Larger colonies increase disease risk for most host-disease pairs. Lines indicate the expected probability of disease occurrence given colony size for (a) growth anomalies and (b) tissue loss. M. capitata is not shown in b because colony size is not a risk factor in the M. capitata tissue loss model (Table 5). Lines are colored by host species. Using the same color scheme, average colony size is indicated along the horizontal axis (Montipora capitata = 16 cm; Montipora patula = 19 cm; Porites compressa = 23 cm; Porites evermanni = 22 cm; Porites lobata = 15 cm). Figure. S1 shows individual plots for each host-disease pair (excluding genus models for visibility) with data points overlaid for one randomly sampled case-control training dataset. We created this figure in R statistical software v 3.5.1 (

Table 4 All hypothesized risk factors were associated with at least one host-disease pair for growth anomalies.

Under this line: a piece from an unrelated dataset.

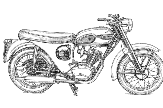 Performance was of course much more impressive than the Tiger Cub. Acceleration was rapid and top speed of 80 plus could be reached in no time at all. The bike was reliable as Mike rode it from Leicester to Perranporth Cornwall and back in 1965 with no problems apart from rider fatigue and a numb bum. The bike’s main let down was its handling, with the legendary Triumph instability at the rear end. Why Triumph never rectified this known fault is baffling. It is a fact that the otherwise excellent Triumph parallel twin engines were fitted to many Norton Featherbed and BSA frames to create “Triton” and “Tribsa” specials, but nobody ever fitted any other manufacturer’s engines into a Triumph frame. Triumph had experimented briefly with a frame with twin front down tubes, similar if not the same as the BSA twins. BSA was in the same commercial group as Triumph and had also absorbed Sunbeam and Ariel. An example of this frame can be seen in the 1963 film “The Great Escape” where a 1961 Triumph Trophy 650cc twin, disguised as a German Army bike, was ridden by Steve McQueen. The actual machine is on display at the Triumph factory visitor centre at Hinckley Leicestershire, though it would have been produced at Triumph’s production facility at the Meriden Works in Coventry.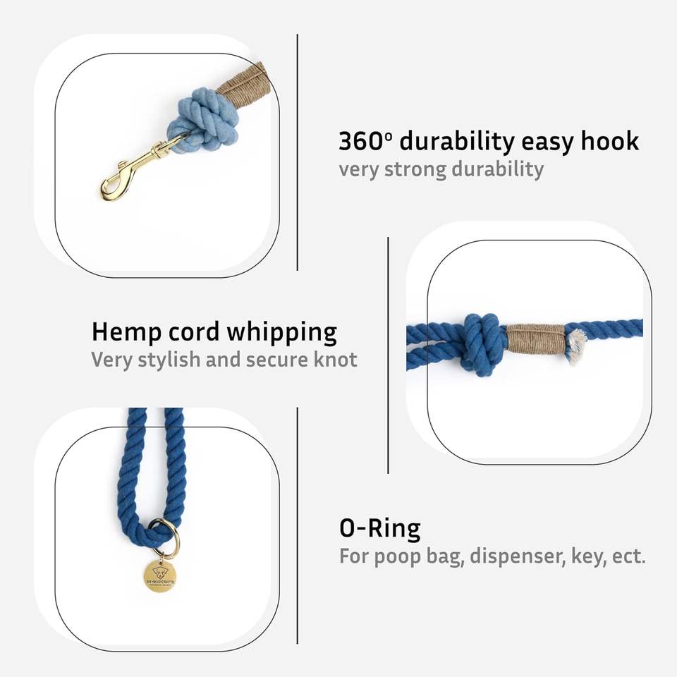 Correa para Perro de Cuerda de Algodón Hecha a Mano con Diseño Ombre Azul, Correa Trenzada Mediana para Pasear y Entrenar Mascotas con Patrón Sólido

For tissue loss diseases, we identified eight hypothesized risk factors associated with disease occurrence (five associated with Montipora species and seven associated with Porites species) (Table 5). Like growth anomalies, we found a positive association with colony size for most hosts with an approximate 33–102% increase in disease risk for every 1 cm increase in colony size (Table 5, Fig. 2). We found no overlap in risk factors for Montipora capitata and Montipora patula: M. capitata was associated with one biological (herbivore fish abundance) and three physical (depth, stream exposure, and wave exposure) risk factors whereas M. patula was only associated with one biological (colony size) risk factor (Table 5). Further, all risk factors for M. capitata had strong negative effects (Table 5). We identified the exact same risk factors for the Porites genus model and the P. lobata model (Table 5), which included biological (colony size, host density), environmental (Hot Snap), physical (depth, wave exposure), and anthropogenic (human population size) risk factors. However, Hot Snap had a stronger effect in the genus model compared with the P. lobata model, potentially indicating differences in thermal sensitivities across morphologies, as the coefficients for Hot Snap in the genus model and the P. compressa model were similar (Table 5). P. evermanni overlapped with four of those risk factors (colony size, depth, wave exposure, and human population size). However, the effect of wave exposure differed by host: higher wave exposure was associated with an increased risk of tissue loss in Porites spp. and P. lobata but reduced risk of tissue loss in P. evermanni (Table 5). The P. compressa model was the most distinct of the Porites models, with associations with colony size, Hot Snap, and stream exposure (Table 5).

Table 5 Tissue loss associated with different biological, environmental, physical, and anthropogenic risk factors across host-disease pairs.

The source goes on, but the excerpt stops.